Orders for U.S. Durables Beat Forecast

Orders for U.S. Durables Beat Forecast

Last month, orders for U.S. durables goods beat the forecast. This is a good sign for the U.S. economy as it shows that companies have a more confident outlook for the economy.

Commerce Department data showed that durable goods booking rose by 1.7%. The median forecast of economists surveyed by Bloomberg was 1.4%. Durable goods are goods that can last a minimum of three years.

This gain is the 6th straight. This can boost aggregate demand and create more economic growth. The Commerce Department said that the value of last month’s orders for durable goods is $235.39 billion. Also, the data from Commerce Department showed that fixed nonresidential investment had increased slightly but consistently for the past three-quarters.

Should the Trump administration be successful in trimming down corporate taxes and lessening regulations, this statistic has the potential of increasing even more. However, it still faces its first hurdle in getting a healthcare bill passed in Congress.

Transportation equipment demand is often excluded due to its volatility, and when excluded, orders increased 0.4%. However, bookings for non-defense capital goods which excludes aircraft dropped by 0.1%. Economists had forecasted it would increase by 0.5% and in January, they revised their forecast to 0.1%.

Peter Boockvar, chief market analyst at Lindsey Group, said, “…for all the optimism seen in the business confidence figures, there was little sign of that translating into an increase in capital spending in February.”

Last month, shipments of capital goods increased by 1%. This statistic is used in the calculation of gross domestic product. Shipments of capital goods exclude aircraft and military hardware. Bookings for civilian aircraft surged 47.6% last month. Boeing Co. reported 43 orders for aircraft last month. Boeing had 26 orders in January.

Increases in orders were also noted for electrical equipment, computers and electronic products, appliances and components and fabricated metal products.

However, there was a 0.8% drop in orders for motor vehicles and parts. The reason for this is the high inventory in the automobile industry. February figures for car sales in February had little changes.
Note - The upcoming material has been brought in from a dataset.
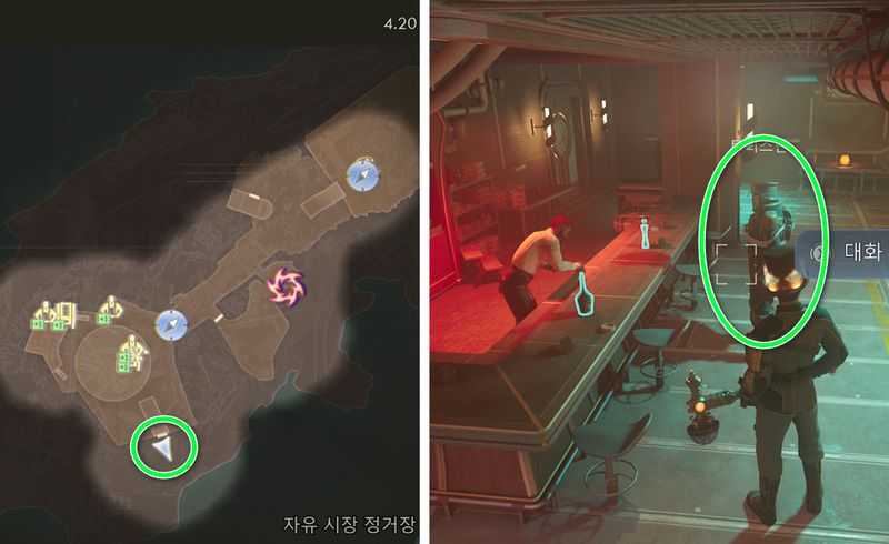 자유 시장 정거장 남서쪽 끝에 있는 세컨드 초이스(THE 2ND CHOICE) 바로 들어가, 카운터 앞에 서 있는 ‘트리스탄‘과 대화하면, 사이드 퀘스트 – 심판자적 수단이 발생합니다

In 2015 and 2016, the U.S. industrial sector was weak because of low oil prices which hindered their domestic energy industry while the strong dollar diminished demand for U.S. exports.
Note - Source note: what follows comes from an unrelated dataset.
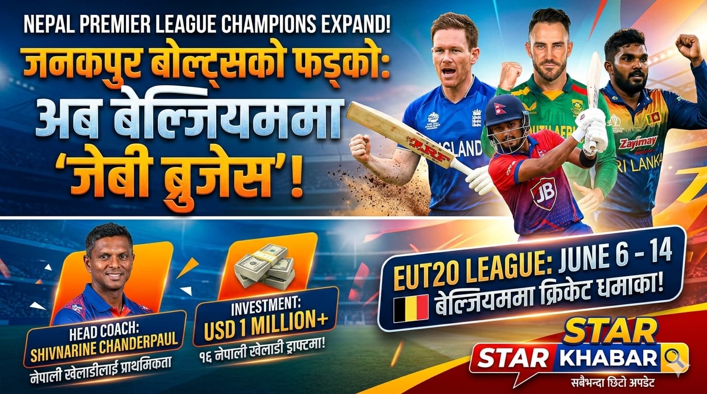 नेपाल प्रिमियर लिग (NPL) को पहिलो संस्करणको ऐतिहासिक विजेता टोली जनकपुर बोल्ट्सले आफ्नो व्यावसायिक यात्रालाई अन्तर्राष्ट्रिय स्तरमा विस्तार गरेको छ। जनकपुर बोल्ट्सले बेल्जियममा आयोजना हुन लागेको ‘ईयू टी-२०’ (EUT20) लिगमा नयाँ टिम खरिद गरेको छ, जसको नाम ‘जेबी ब्रुजेस’ (JB Bruges) राखिएको छ।

Despite improving economic conditions, things are expected to have slowed down in the winter months. Fed Bank of Atlanta estimated gross domestic product to have only expanded 0.9% in the first quarter. Last quarter’s gross domestic product was 1.9%.
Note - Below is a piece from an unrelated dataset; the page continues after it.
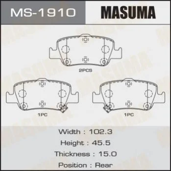 Колодки гальмівні задн Toyota Auris (06-13), Corolla (06-13) (MS-1910) MASUMA MS1910 (0446602180, 0446602182, 0446602192)

Macroeconomic Advisers, a forecasting company, estimated gross domestic product growth in the 1st quarter to be 1.2%.

Fed Chair Janet Yellen said, “I think it is fair to say that many of my colleagues and I note a much optimistic frame of mind among many, many businesses in recent months. However, I would say most of the businesspeople that we have talked to also have a wait-and-see attitude, and are very hopeful that they will be able to expand investment and are looking forward to doing that, but are waiting to see what will happen.”